Party No. 1 has complied with that order. If not the said Rs. 30,000/- may be adjusted towards the arrear maintenance by making proper calculation. ( 10 ) LEARNED counsel for the petitioner in that regard also argued that since that amount of Rs. 30,000/- was to carry interest, therefore, learned Judge, Family Court should be directed to calculate interest and to add that to Rs. 30,000/- and to adjust that amount (principal + interest) towards the arrear maintenance. That contention is not acceptable inasmuch as when the arrear amount was awarded with effect from 24-6-1989, petitioner is not asked to pay the said amount with interest. It also appears that as per this Court's direction, some amount might have been deposited by the petitioner. Learned Judge, Family Court may calculate and disburse the same in favour of Opp.

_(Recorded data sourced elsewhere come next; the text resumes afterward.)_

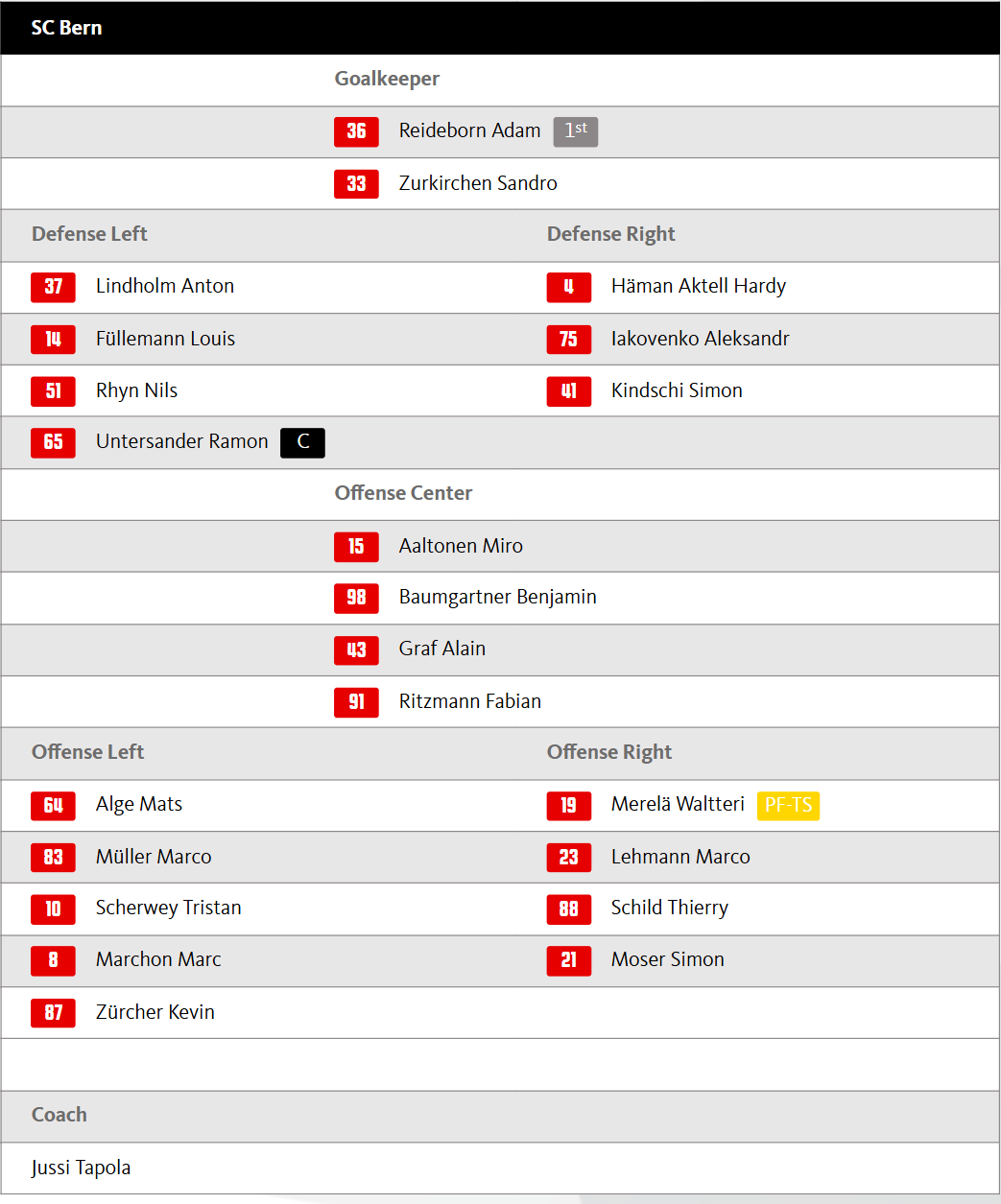 Reideborn ist wieder zurück zwischen den Pfosten beim SC Bern. Häman Aktell rutscht für Iakovenko neben Lindholm in den ersten Defensivblock. Die erste Linie bilden Alge, Aaltonen und Merelä. Bemström und Vermin werden als überzählig gemeldet.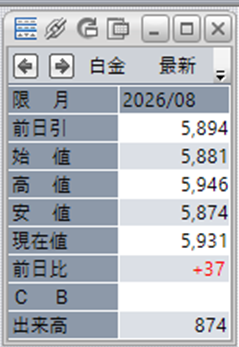 中:大阪取引所 白金 2026年8月限 1分足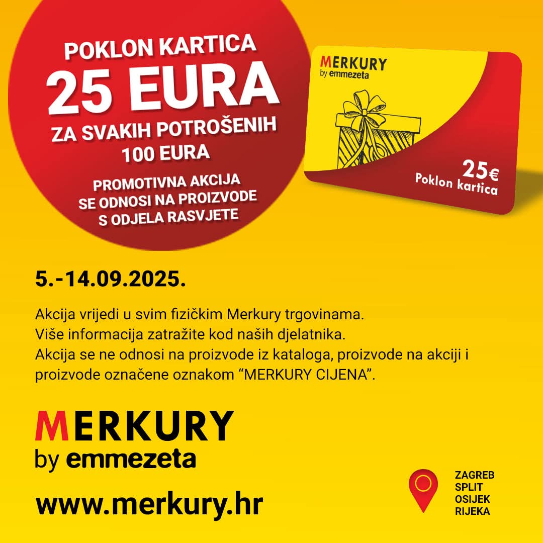 👉 od 5. do 14. rujna 2025. godine, u svim fizičkim Merkury trgovinama (Zagreb, Split, Osijek, Rijeka), za svakih potrošenih 100 € na proizvodima iz odjela rasvjete dobivaš poklon karticu od 25 €.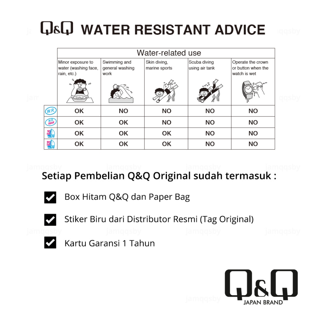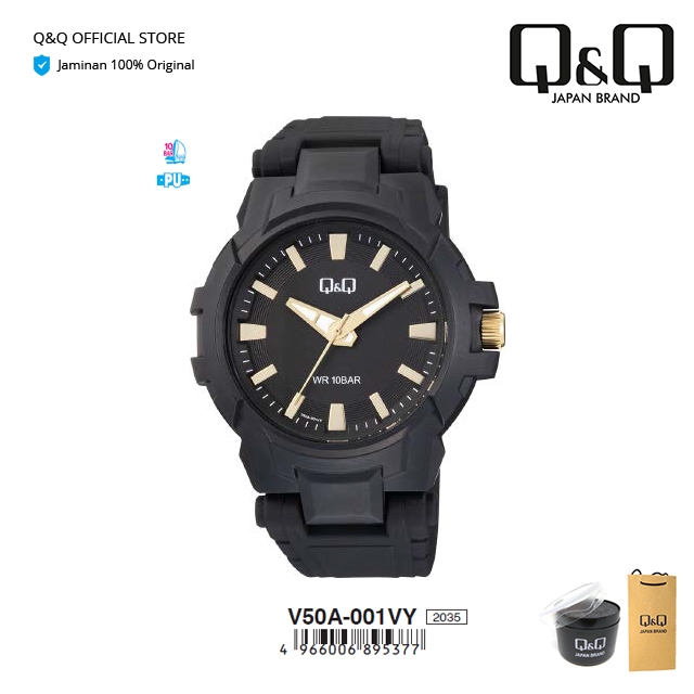 Q&Q QnQ QQ Jam Tangan Analog Uni Arloji Casual Fashion Strap Resin - V50 V50A Water Resist 10 BAR Tahan Air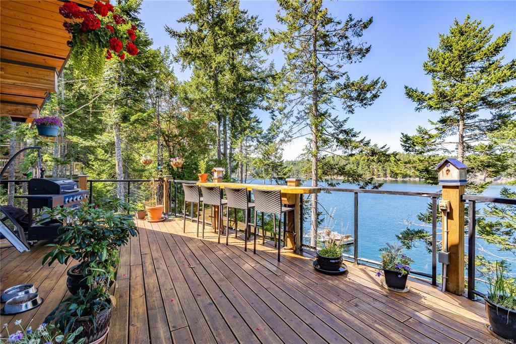Tucked away at the end of a private no thru road is your Mayne Island waterfront dream come true! Easy stone steps lead you down to a 2 storey, 4 bed, 3 bath, 2440 sq ft home perfectly perched on the edge of serene Campbell Bay. Featuring a Legal Dock, self-contained suite with separate entry on the ground level, open plan living spaces, large decks to take in the stunning views of the Bay, Mount Baker and beyond, with a beautifully landscaped yard throughout the 0.35 acre property, there isn't much else you could ask for. Whether you're looking for a vacation spot or a new place to call home, this spacious west coast style house checks off all the boxes. Come Feel the Magic!
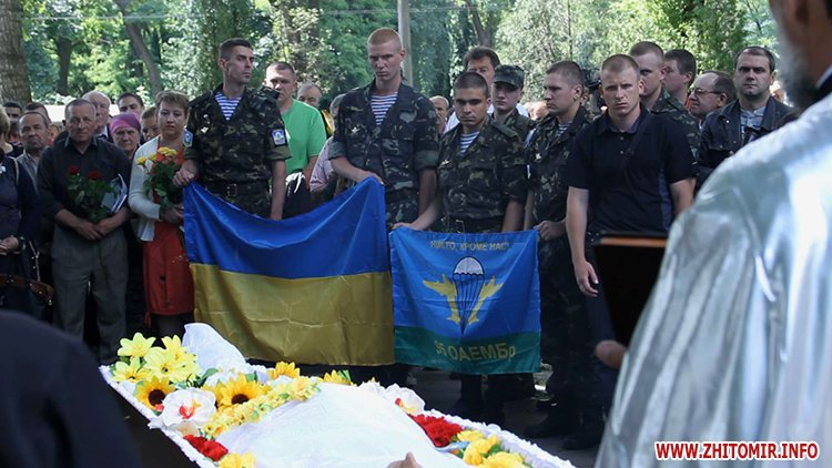 Житомирська область 23 червня прощається із двома десантниками, які загинули 19 червня в бою під Красним Лиманом на Донеччині під час обстрілу бойовиків.
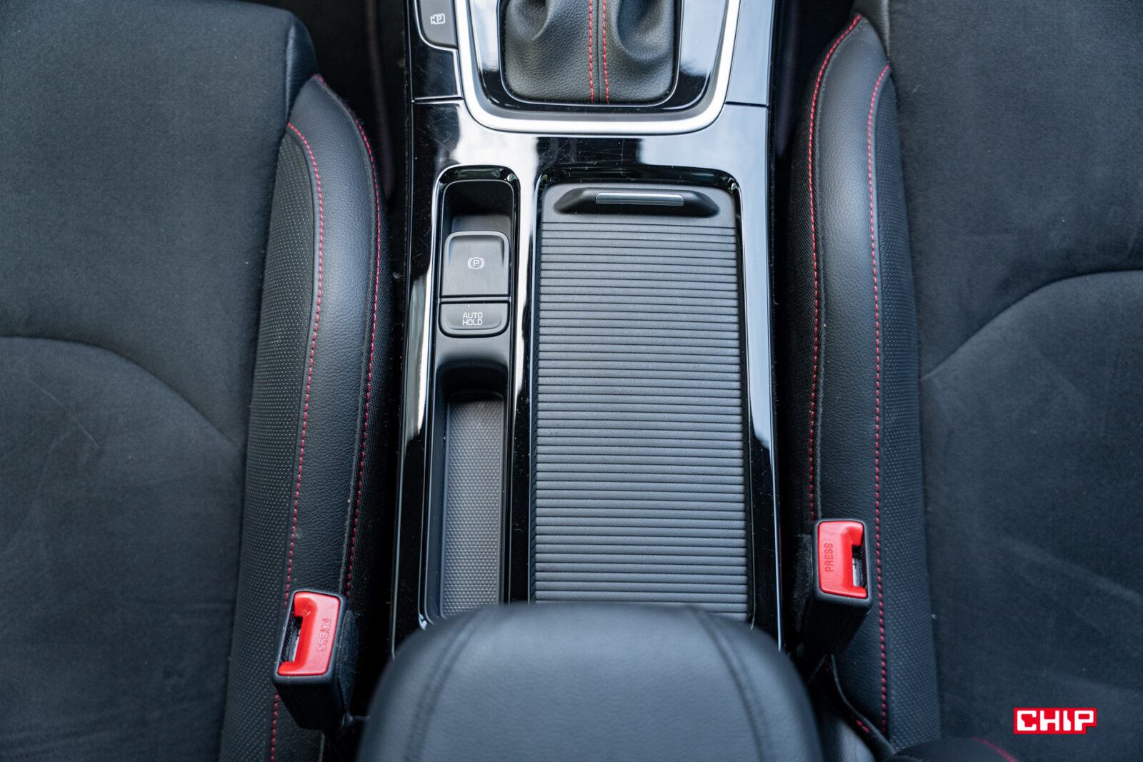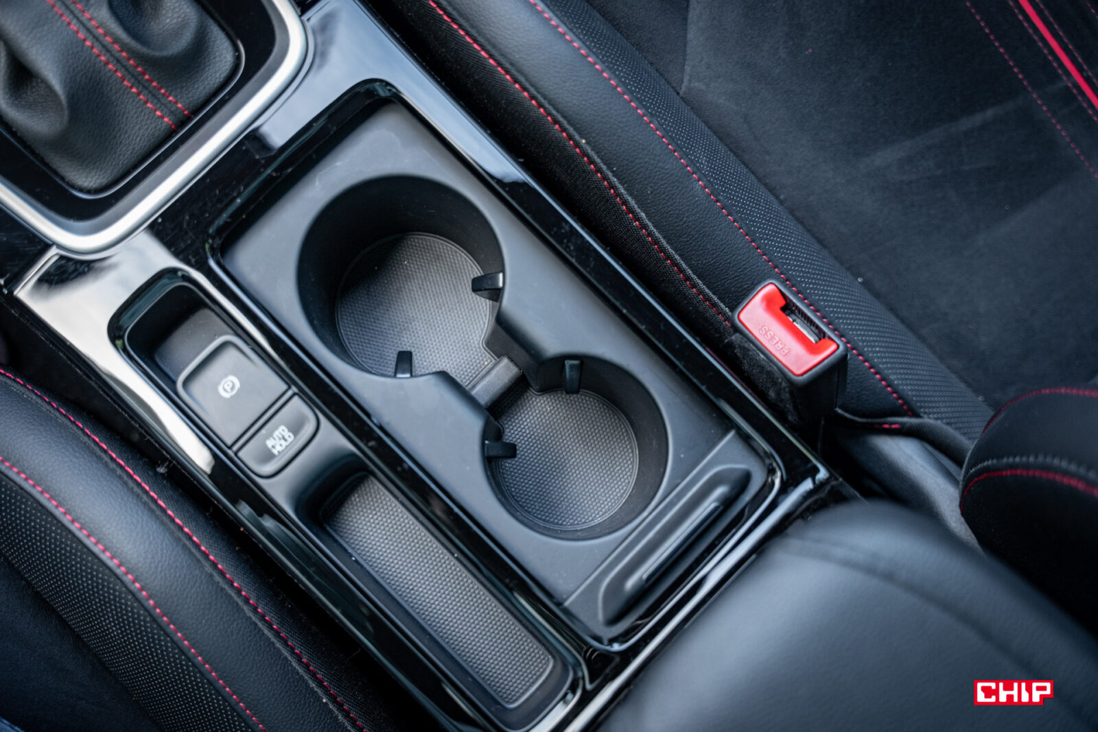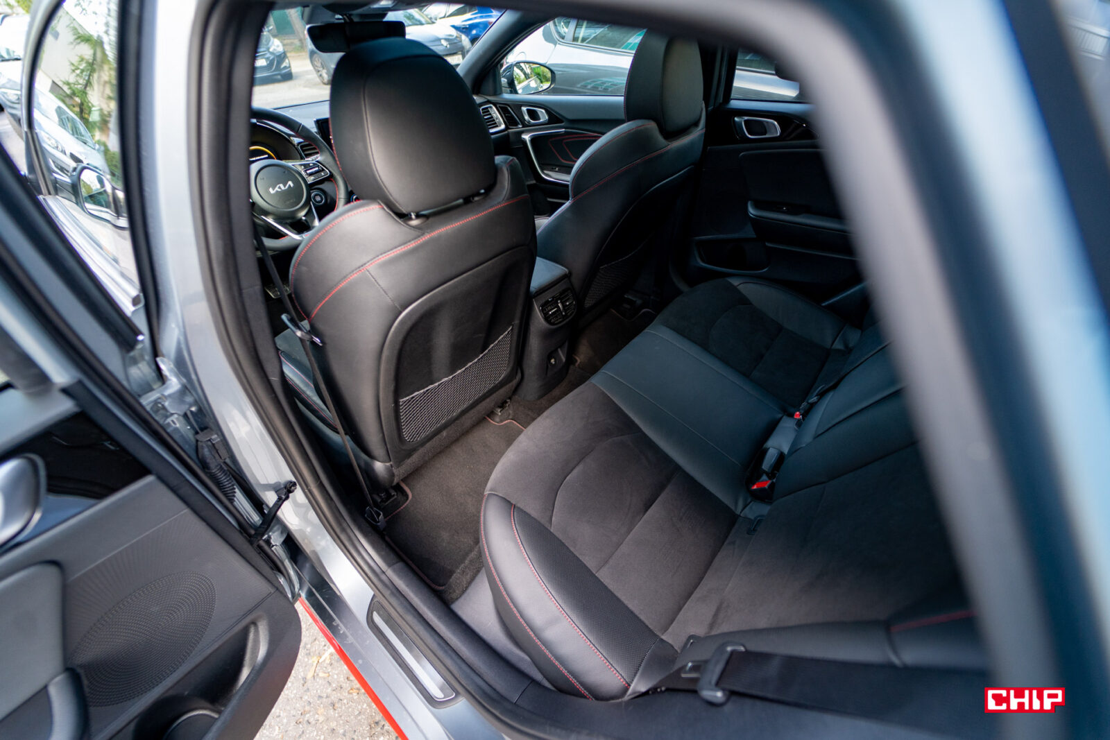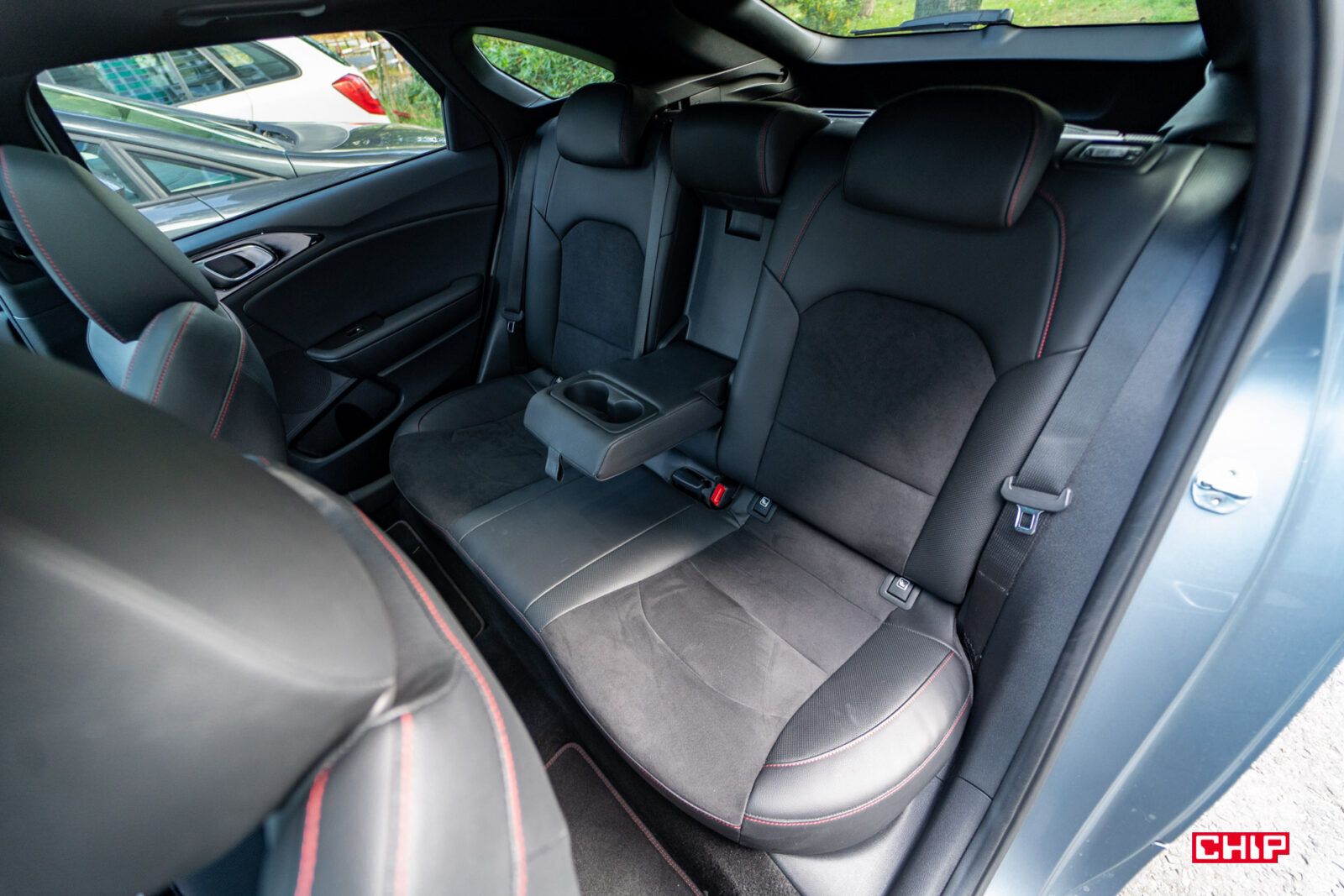 ProCeed w wersji GT jest wyposażony w sportowe fotele. Nie skrajnie sportowe, więc spokojnie, nie są straszne w długich trasach. A wręcz przeciwne, są szalenie wygodne i dobrze trzymają na zakrętach. Niestety nie mogę Wam ich pokazać z tej samej perspektywy co zawsze, bo dosłownie we wszystkich zdjęciach foteli od przodu ostrość poszła… w las. Chyba się wstydziły zapozować. A niepotrzebnie, bo są skórzano-zamszowe i mają efektowne, czerwone przeszycia. Dedykowane dla wariantu GT.

Party members towards arrear maintenance up to the amount which they are entitled to get and excess amount if any may be properly dealt with. Thus, while not interferring with the impugned order dt/- 12-5-1997 (impugned order) Criminal Revision No. 214 of 1997 is disposed of with the aforesaid direction relating to payment and adjustment of the maintenance amount. In view of that if the petitioner shall pray for some reasonable time for payment of any further arrear amount due to be paid as per the application under Section 125 (3) Cr. P. C. , a reasonable period may be allowed to him and till that date, the order of executing of distress warrant and non-bailable warrants and the order of attachment of salary be kept in abeyance. ( 11 ) SINCE the matter relating to Civil dispute and passing and recalling of the order of divorce is not the subject of challenge in the aforesaid two criminal revisions and nothing was argued on the legality or otherwise of such order, that aspect has not been dealt with in this order. ( 12 ) BOTH the Criminal Revisions are disposed of in the manner indicated in this order. Ordered accordingly.